Avevano cominciato i francesi negli anni ottanta con il film tre uomini e una culla, godibile commedia che racconta della metamorfosi di tre scapoli impenitenti in amorevoli genitori di una piccola bambina. In quegli stessi anni negli Stati Uniti i padri a casa per prendersi cura dei figli erano oltre un milione. Oggi, secondo Pew Research Center, sono almeno raddoppiati. Le famiglie dad-at-home sarebbero il 4% delle famiglie americane, stando al Journal of Marriage and Family. Numeri ancora contenuti, ma che probabilmente pesano più di quanto non sarebbe lecito aspettarsi. Non più tardi di otto mesi fa, infatti, la Lego aveva lanciato fra i suoi personaggi una rappresentazione di “nuova famiglia”: padre hipster armato di biberon e carrozzina con bebè e madre in tailleur e valigetta portadocumenti.
In Italia pare che non esistano studi sul fenomeno, ma questo non significa che non esista. Spulciando la rete ogni tanto si incappa in racconti di famiglie caratterizzate dalla presenza di padri a casa per prendersi cura dei figli. Da queste testimonianze emergono due moventi principali. Il primo è la volontà di garantire una presenza famigliare ai figli, nei loro primi anni, e dopo per seguirli negli studi e nelle altre attività. Il secondo è il pragmatismo: i soldi spesi per scuole e tate sono molti e allora chi ha lo stipendio più basso sta a casa, oppure se può sceglie il part time. Nulla di strano, sono dinamiche più che note e il fatto che riguardino anche alcuni uomini ha di eccezionale solo che le retribuzioni delle donne stanno finalmente crescendo.
Sempre il Journal of Marriage and Family dedica un ampio studio al fenomeno nel numero di ottobre, facendo un importante distinguo metodologico. Le famiglie dad-at-home sono diverse da quelle in cui il padre è a casa perché ha perso il lavoro, unable-to-work stay-at-home father families (sic). Queste ultime sono il frutto amaro della disoccupazione, mentre le altre sono risultato di scelta, seppure economicamente motivata. A volere essere franchi, il modello dad-at-home non è virtuoso in se’ perché evidenzia comunque una difficoltà del nucleo famigliare a gestire lavoro e famiglia, mantenendosi in equilibrio finanziariamente. Però è un sintomo di cambiamento verso una maggiore uguaglianza di genere e di una sensibilità maschile in rapido mutamento.

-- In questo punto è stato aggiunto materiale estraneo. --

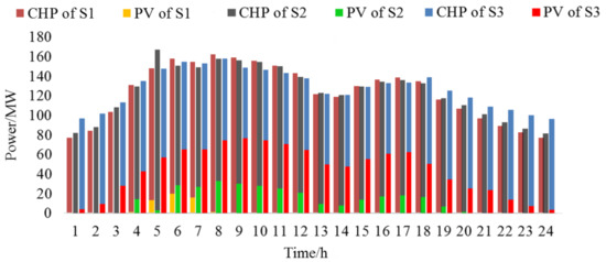 Figure 10. The power outputs of photovoltaic (PV) units and combined heat and power (CHP) plants under three scenarios.
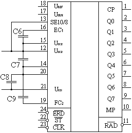Для работы в восьмиразрядном режиме вход SE10/8 соединяется с шиной отрицательного источника питания Ucc 2.

Conosco bene alcuni padri – pochi certamente – che sono i principali caregiver perché svolgono professioni freelance o che contemplano impegni ampiamente onorabili da casa: un musicista, un giornalista, un architetto. Vero è che conosco molte più madri a casa. Poi molti nonne o nonni, se vivono nella stessa città dei nipoti, ma questa è un’altra storia. Io stesso, anni fa, ho combinato un eccesso di ferie arretrate con l’abbandono di una tata e ho fatto la mia esperienza di dad-at-home per una decina di giorni. Come è andata? Splendidamente, ma non rientro in un campione attendibile, era una situazione pro tempore e quindi l’ho vissuta con l’entusiasmo di una vacanza.
Pare che non si possa dire lo stesso dei dad-at-home a tempo pieno. Gli strali sociali della loro scelta sono ancora pesanti, i ricercatori del Journal of Mariage and Family riportano con chiarezza che elementi di maggior disagio sono la perdita di posizione sociale e l’etichetta di “falliti o strambi”. Non a caso, sempre negli Usa, alcuni di loro si sono riuniti in associazione, la National At-Home Dad Network, per fare cultura e informazione su un modello famigliare e una scelta umana che, scommettono loro, diventeranno sempre più popolari nei prossimi anni. In Italia siamo pronti?